O Ministério da Agricultura, Pecuária e Abastecimento (Mapa) desconsidera a hipótese de um movimento de alta dos preços dos alimentos. “Não é que acabou a fase da comida barata. A comida está cada vez mais acessível à população”, afirmou hoje o secretário de Produção e Agroenergia do ministério, Manoel Bertone, em entrevista à imprensa.

O secretário de Política Agrícola, Edílson Guimarães, ressaltou que os alimentos apresentam as menores altas dentro do conjunto de itens pesquisados no cálculo da inflação. “Além do mais, tivemos um ganho de produtividade muito grande, que permite esse crescimento menor dos preços agrícolas em relação a outros preços da economia. E isso se transfere para a renda dos consumidores”, disse Guimarães.

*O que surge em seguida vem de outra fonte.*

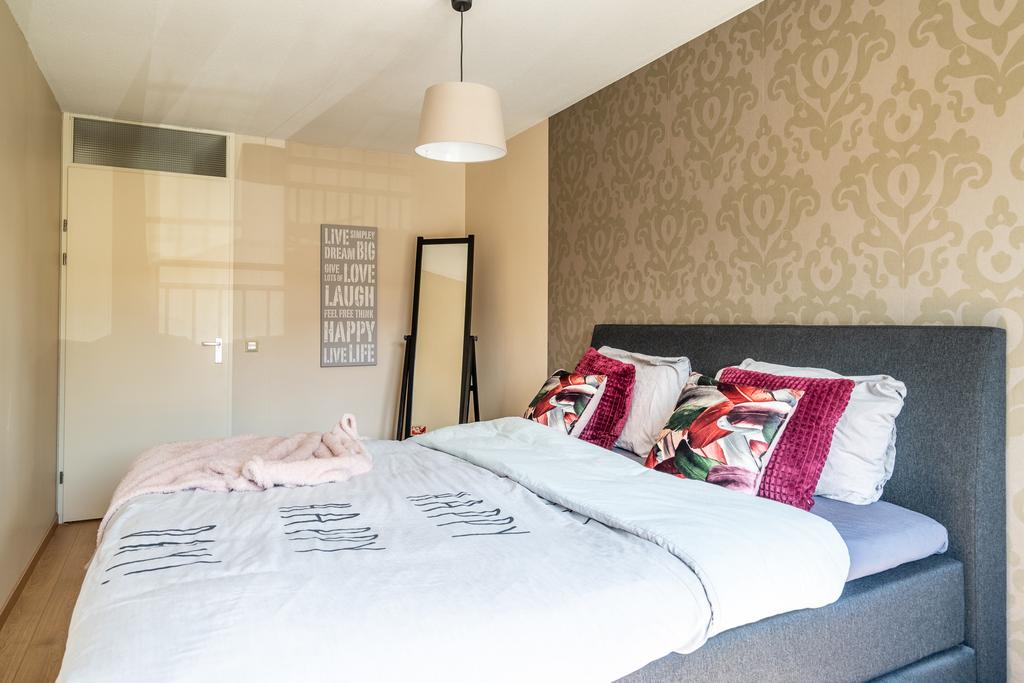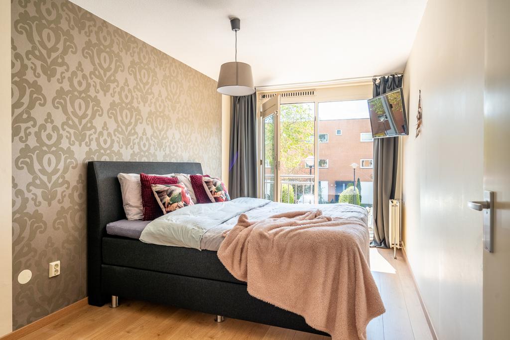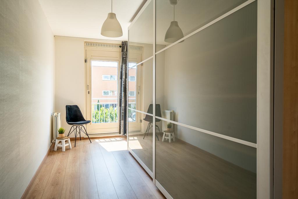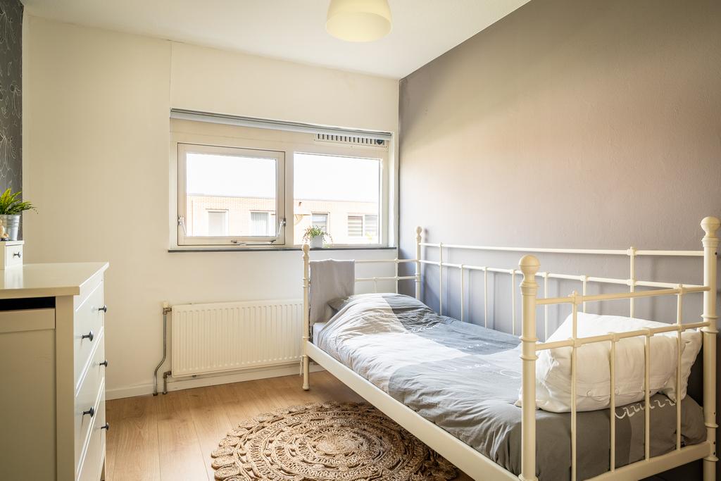 Deze verdieping telt drie goede slaapkamers van respectievelijk 13 m2, 10 m2 en 10 m2. De kamers aan de achterzijde hebben beiden een frans balkon. De gehele vloer op de 1e verdieping is uitgevoerd in laminaat. De badkamer is neutraal uitgevoerd, tot het plafond betegeld en is voorzien van een inloopdouche, wastafel, toilet en wasmachine aansluiting.

Bertone destacou que a taxa de desemprego em recorde de baixa de 5,7% incluiu uma grande massa de novos consumidores no mercado interno, o que representa uma demanda adicional que pode explicar, em parte alguma pressão sobre os preços. “Mas não acredito que a comida esteja pesando exageradamente no bolso das pessoas”, disse.

Segundo Bertone, “o que está acontecendo, no Brasil e no mundo, é que um grande contingente de pessoas saiu da miséria”. Ele argumentou que esse crescimento proporcionará um aumento do volume de investimentos, reequilibrando, dentro de pouco tempo, a relação entre oferta e demanda, em nível global. O secretário de Produção e Agroenergia ressaltou, ainda, que a desvalorização do dólar provocou uma valorização dos preços das commodities (matérias-primas), o que pode ser bom para o Brasil, que tem ampla produção agropecuária.